In early summer 2018, I was mooching on my work computer…in my lunch break I have to add in case my boss sees this. I once again was feeling directionless, so what was I searching for?… some learning! Again, the usual suspects appeared, but one course stood out – Level 1 Certificate in BSL. Brilliant! I got it booked and strolled into the first lesson thinking I had totally got this after my 6-week course 4 years earlier. The clock struck 7pm, in walked my teacher fluently signing about the fire escape, and for the second time in my life, I was slapped in the face by the realisation I was still ignorant and wrong. I spent the most amazing academic year learning very basic conversational skills and earning my first certificate, but by then that was simply not enough. I had fallen in love with the language and the realisation that there was an entirely different deaf world out there that I wanted to explore.

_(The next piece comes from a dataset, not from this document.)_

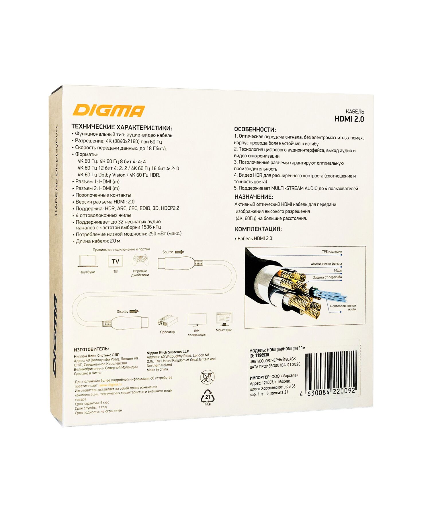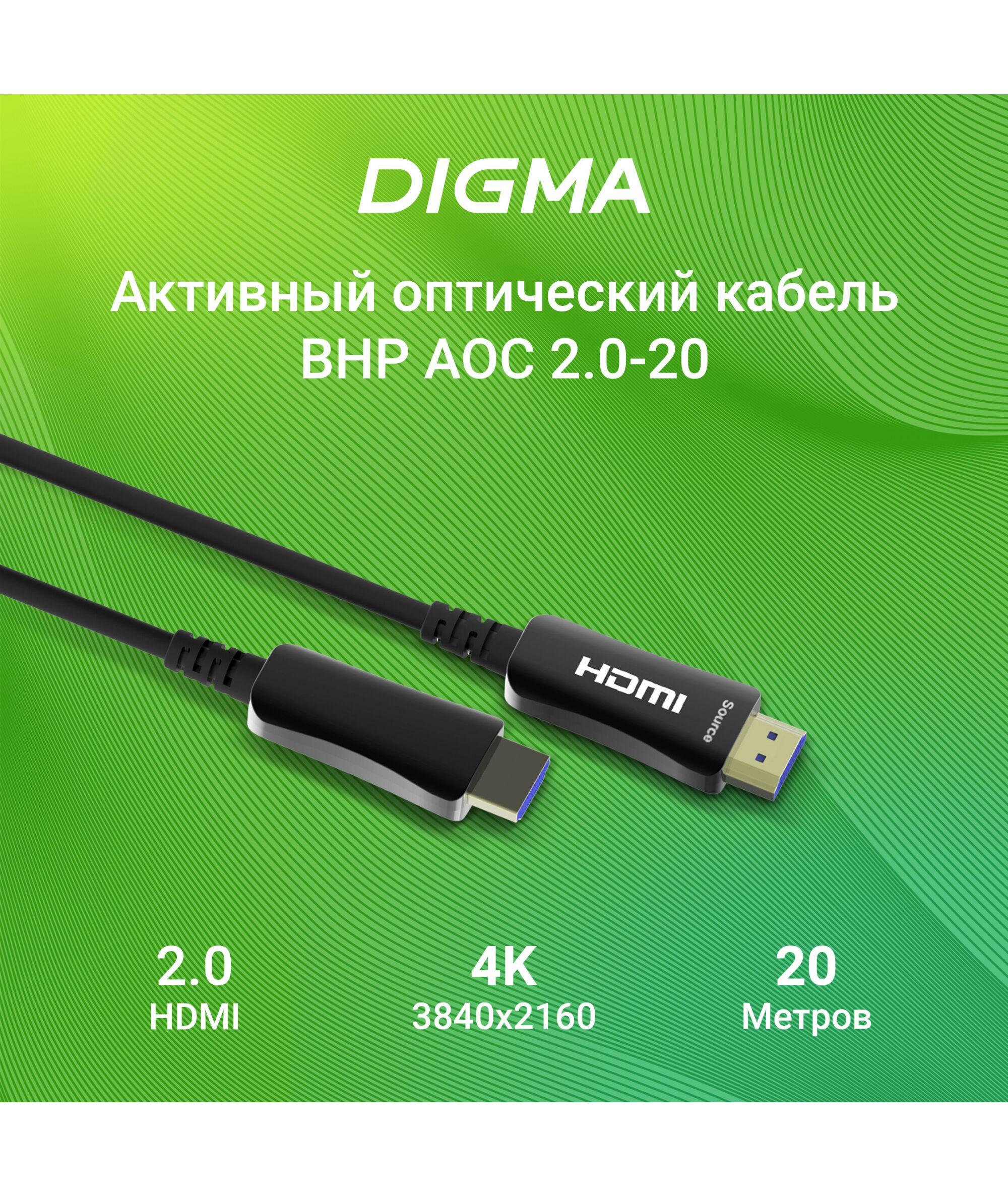 Кабель аудио-видео Digma BHP AOC 2.0-20 HDMI 2.0 AOC HDMI (m)/HDMI (m) 20м. позолоч.конт. черный

2019… After realising that I wanted to explore the world of BSL further, I booked onto my Level 2 Certificate in BSL at Heathlands School in St Albans and this was where I was to receive not just a slap against ignorance, but a full-on punch in the face, when I met that year’s teacher for the first time. Although I have no doubt he wouldn’t mind a bit of free publicity, I will not name him, and instead, just state that as the first actual deaf person and teacher I had met he had me in awe. He showed me the wonder of the deaf community and the richness of deaf culture. He was so proud to be deaf, a concept I struggled with initially, and this was one of the best lessons he passed on. The impact of his insights into his world and mind cannot be overstated and it was not just the language but him who inspired me to go on to complete Level 3 with another outstanding teacher who has dedicated her life to the deaf community…level 4 begins September.

Now, I know you are thinking ok, but all this theory still hasn’t actually touched the deaf community, however, you’d be wrong! In 2020, I heard the news that a new employee starting in my office was deaf. On her first day, I bounded down the stairs and burst in on her frantically signing away. After the initial shock wore off, she beamed and a friendship was formed.

So, what does signing mean to me? It means a brick in a bridge, having ignorance knocked out of me, teaching heroes, beautiful friends, and a whole lot more people and life I can connect to. Where will me and BSL end up in the future? Who knows, but I can’t wait to find out.